Known for its proprietary D-U-N-S Number that serves as a unique identifier for businesses worldwide, Dun & Bradstreet (NYSE: DNB) provides business decisioning data and analytics that help companies evaluate credit risks, verify suppliers, enhance sales productivity, and gain market visibility.

Why Is DNB Risky?

  1. 3.7% annual revenue growth over the last two years was slower than its business services peers
  2. Costs have risen faster than its revenue over the last five years, causing its adjusted operating margin to decline by 5 percentage points
  3. Earnings per share were flat over the last four years and fell short of the peer group average

At $9.10 per share, Dun & Bradstreet trades at 8.5x forward P/E. Dive into our free research report to see why there are better opportunities than DNB.

One Stock to Buy:

Copart (CPRT)

Trailing 12-Month Free Cash Flow Margin: 25.7%

Starting as a single salvage yard in California in 1982, Copart (NASDAQ: CPRT) operates an online auction platform that connects sellers of damaged and salvage vehicles with buyers ranging from dismantlers and rebuilders to used car dealers and exporters.

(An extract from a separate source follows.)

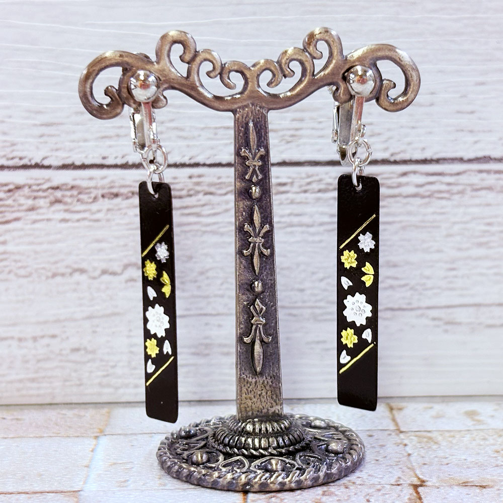 耳元のアクセントに象嵌イヤリング。

Why Is CPRT a Good Business?

  1. Market share has increased this cycle as its 15.6% annual revenue growth over the last five years was exceptional
  2. Impressive free cash flow profitability enables the company to fund new investments or reward investors with share buybacks/dividends, and its rising cash conversion increases its margin of safety
  3. Stellar returns on capital showcase management’s ability to surface highly profitable business ventures

Copart is trading at $46.19 per share, or 27.2x forward P/E. Is now a good time to buy? See for yourself in our comprehensive research report, it’s free.

Stocks We Like Even More

Trump’s April 2025 tariff bombshell triggered a massive market selloff, but stocks have since staged an impressive recovery, leaving those who panic sold on the sidelines.

Take advantage of the rebound by checking out our Top 5 Growth Stocks for this month. This is a curated list of our High Quality stocks that have generated a market-beating return of 183% over the last five years (as of March 31st 2025).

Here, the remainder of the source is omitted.